# Task details:
When you reach the line containing "朝の7時から22時まで宿泊者", begin reproducing the material exactly, stop after the line containing "The cell viability", and leave out any pictures along the way.

# Extracted information:
******

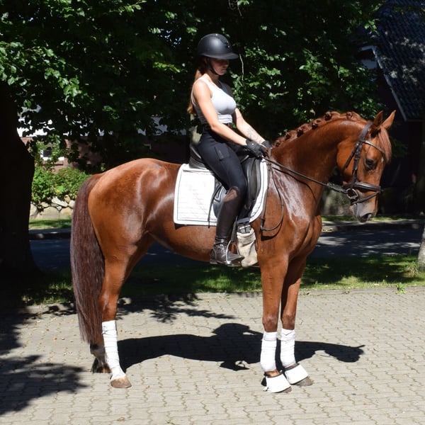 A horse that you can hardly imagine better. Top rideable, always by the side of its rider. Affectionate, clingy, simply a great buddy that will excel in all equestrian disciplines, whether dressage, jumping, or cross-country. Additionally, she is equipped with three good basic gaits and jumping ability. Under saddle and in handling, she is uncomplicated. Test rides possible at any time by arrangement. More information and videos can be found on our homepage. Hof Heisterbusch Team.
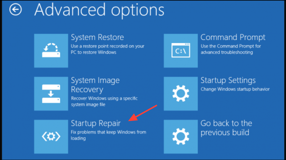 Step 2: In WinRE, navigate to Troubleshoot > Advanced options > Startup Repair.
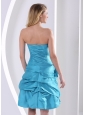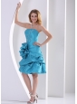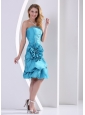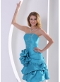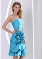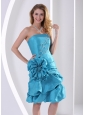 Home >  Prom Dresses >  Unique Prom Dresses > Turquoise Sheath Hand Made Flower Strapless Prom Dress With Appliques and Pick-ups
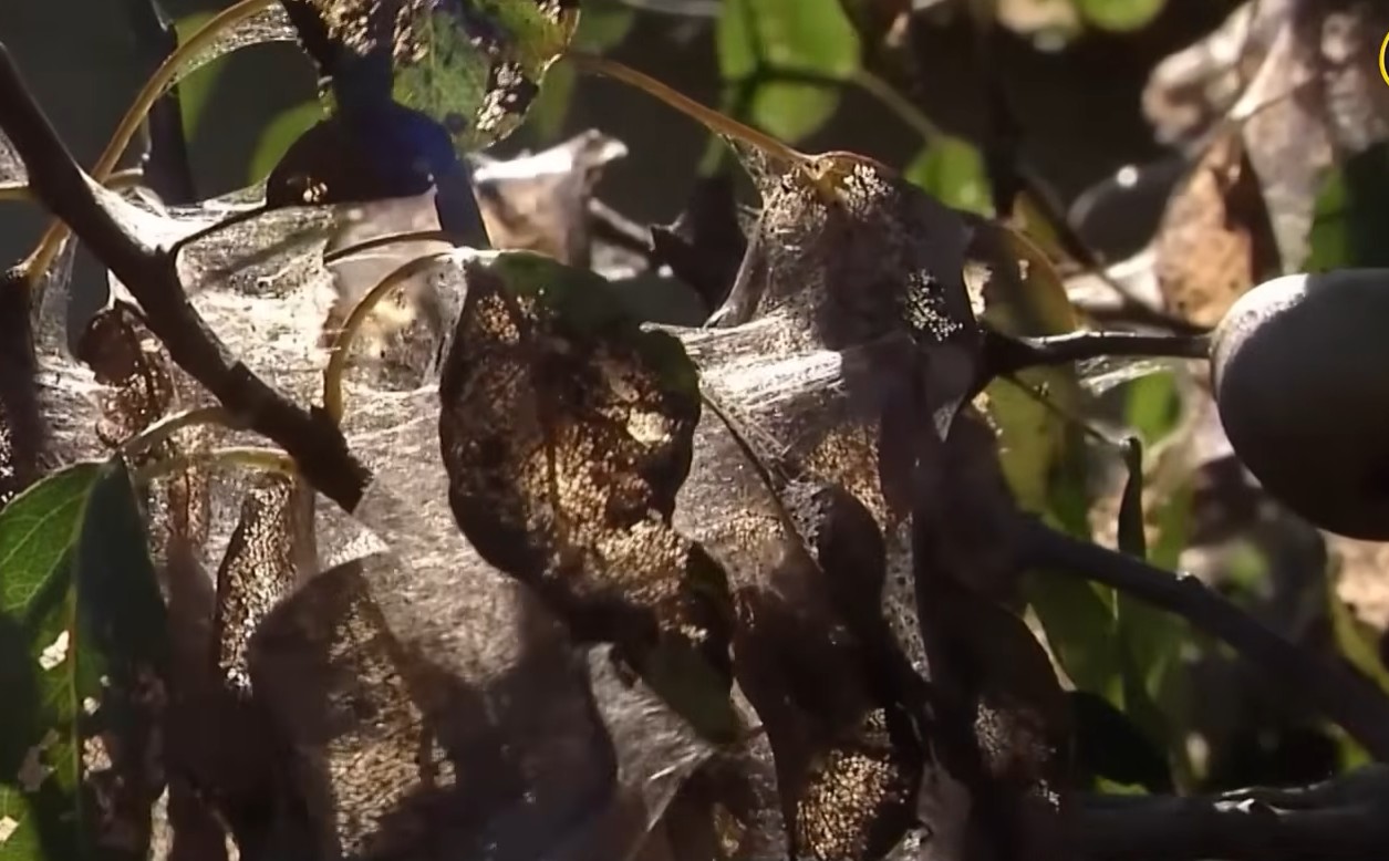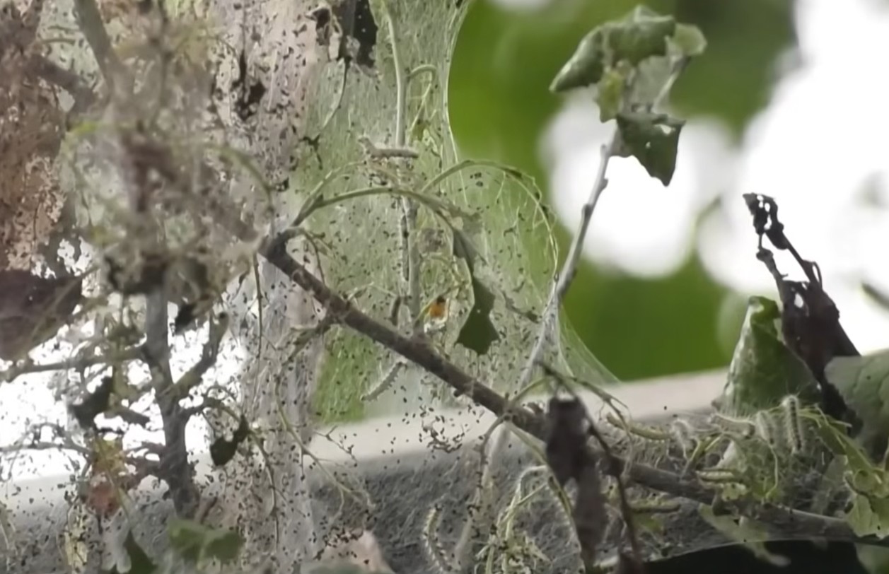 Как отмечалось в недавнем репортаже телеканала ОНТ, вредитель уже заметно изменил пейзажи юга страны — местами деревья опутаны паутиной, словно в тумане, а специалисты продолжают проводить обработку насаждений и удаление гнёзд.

******

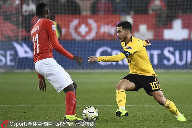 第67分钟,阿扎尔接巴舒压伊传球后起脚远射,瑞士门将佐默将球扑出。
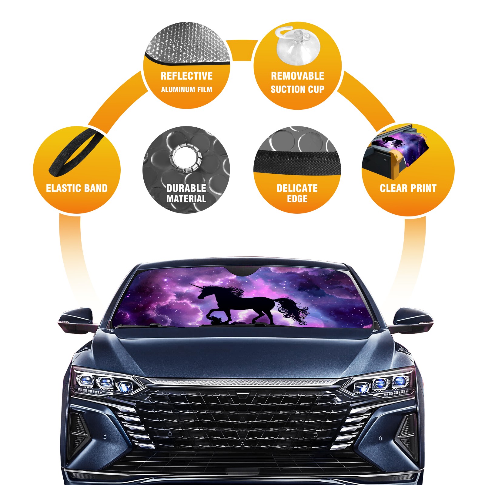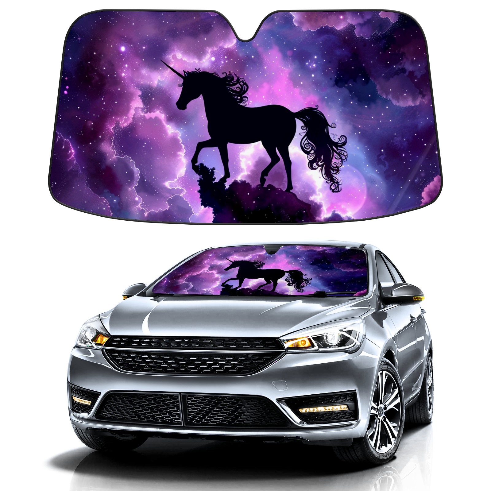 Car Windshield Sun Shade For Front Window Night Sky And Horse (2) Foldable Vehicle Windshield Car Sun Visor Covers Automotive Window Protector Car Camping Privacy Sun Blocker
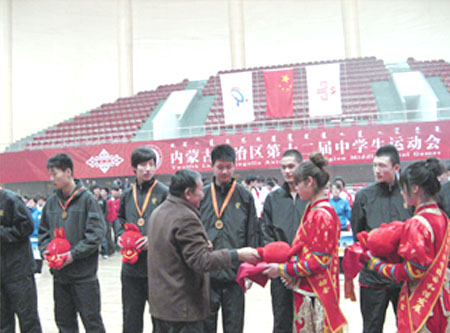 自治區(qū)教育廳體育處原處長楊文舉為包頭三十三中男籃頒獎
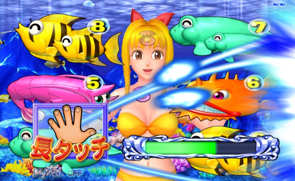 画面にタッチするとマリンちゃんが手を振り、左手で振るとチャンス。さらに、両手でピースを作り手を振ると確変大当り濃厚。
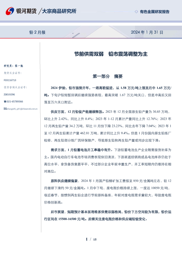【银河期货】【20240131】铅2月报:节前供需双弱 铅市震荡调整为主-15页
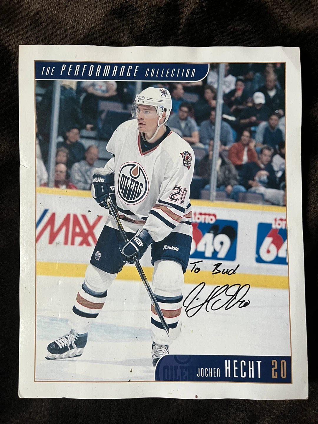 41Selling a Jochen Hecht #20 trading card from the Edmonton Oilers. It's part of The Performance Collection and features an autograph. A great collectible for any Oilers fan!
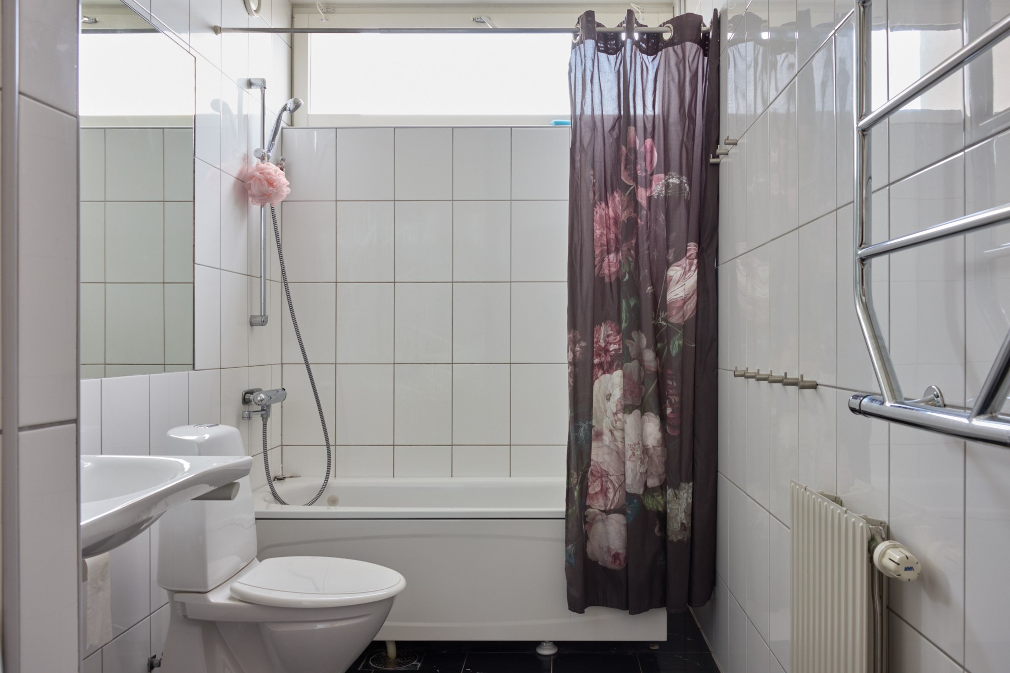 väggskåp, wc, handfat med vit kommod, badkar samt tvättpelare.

******

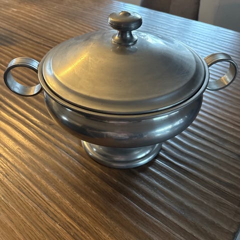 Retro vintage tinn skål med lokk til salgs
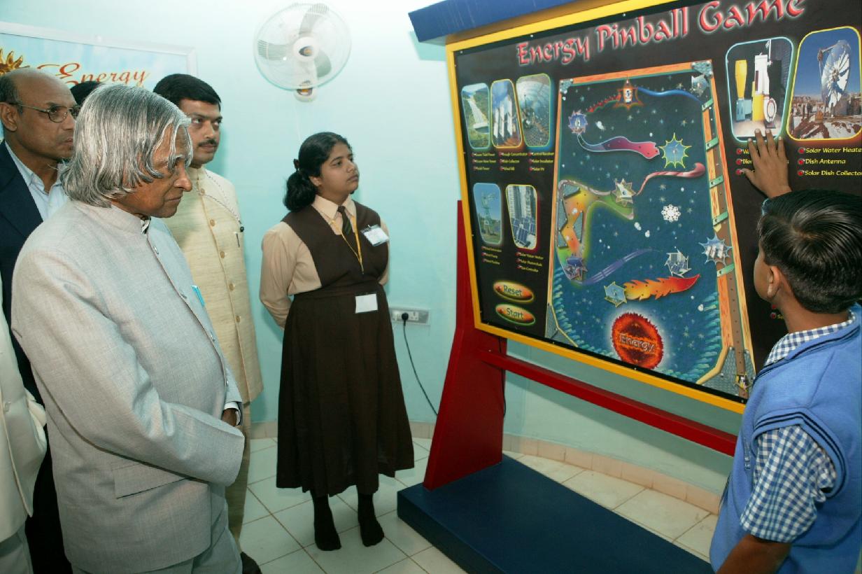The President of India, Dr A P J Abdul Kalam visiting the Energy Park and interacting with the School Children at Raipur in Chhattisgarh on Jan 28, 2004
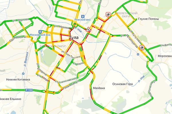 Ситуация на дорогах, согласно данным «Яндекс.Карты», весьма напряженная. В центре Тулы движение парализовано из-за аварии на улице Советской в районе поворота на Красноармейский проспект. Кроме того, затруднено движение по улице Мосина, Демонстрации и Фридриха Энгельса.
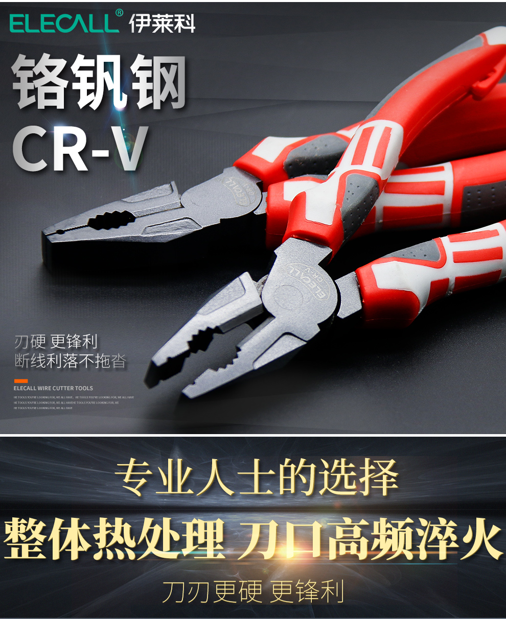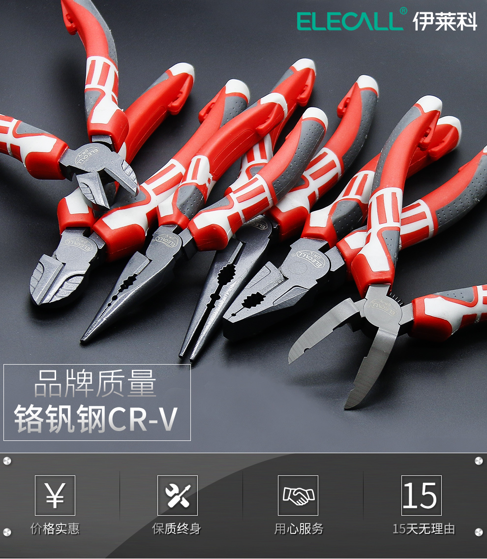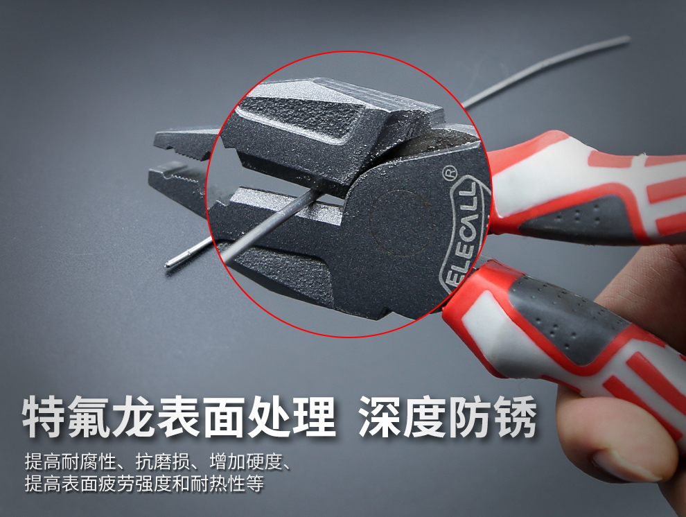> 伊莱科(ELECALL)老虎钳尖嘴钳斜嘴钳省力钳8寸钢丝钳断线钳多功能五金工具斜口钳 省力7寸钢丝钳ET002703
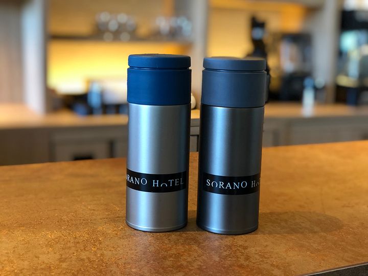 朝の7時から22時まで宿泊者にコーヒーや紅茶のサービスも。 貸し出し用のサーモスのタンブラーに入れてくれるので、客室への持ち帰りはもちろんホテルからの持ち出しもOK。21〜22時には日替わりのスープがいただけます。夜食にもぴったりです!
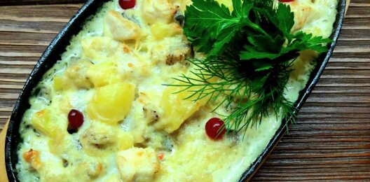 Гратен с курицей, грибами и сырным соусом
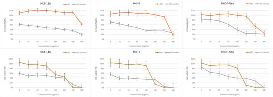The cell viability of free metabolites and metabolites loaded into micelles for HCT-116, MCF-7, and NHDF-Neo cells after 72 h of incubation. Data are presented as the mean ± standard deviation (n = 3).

******

# Task answer:
 朝の7時から22時まで宿泊者にコーヒーや紅茶のサービスも。 貸し出し用のサーモスのタンブラーに入れてくれるので、客室への持ち帰りはもちろんホテルからの持ち出しもOK。21〜22時には日替わりのスープがいただけます。夜食にもぴったりです!
 Гратен с курицей, грибами и сырным соусом
The cell viability of free metabolites and metabolites loaded into micelles for HCT-116, MCF-7, and NHDF-Neo cells after 72 h of incubation. Data are presented as the mean ± standard deviation (n = 3).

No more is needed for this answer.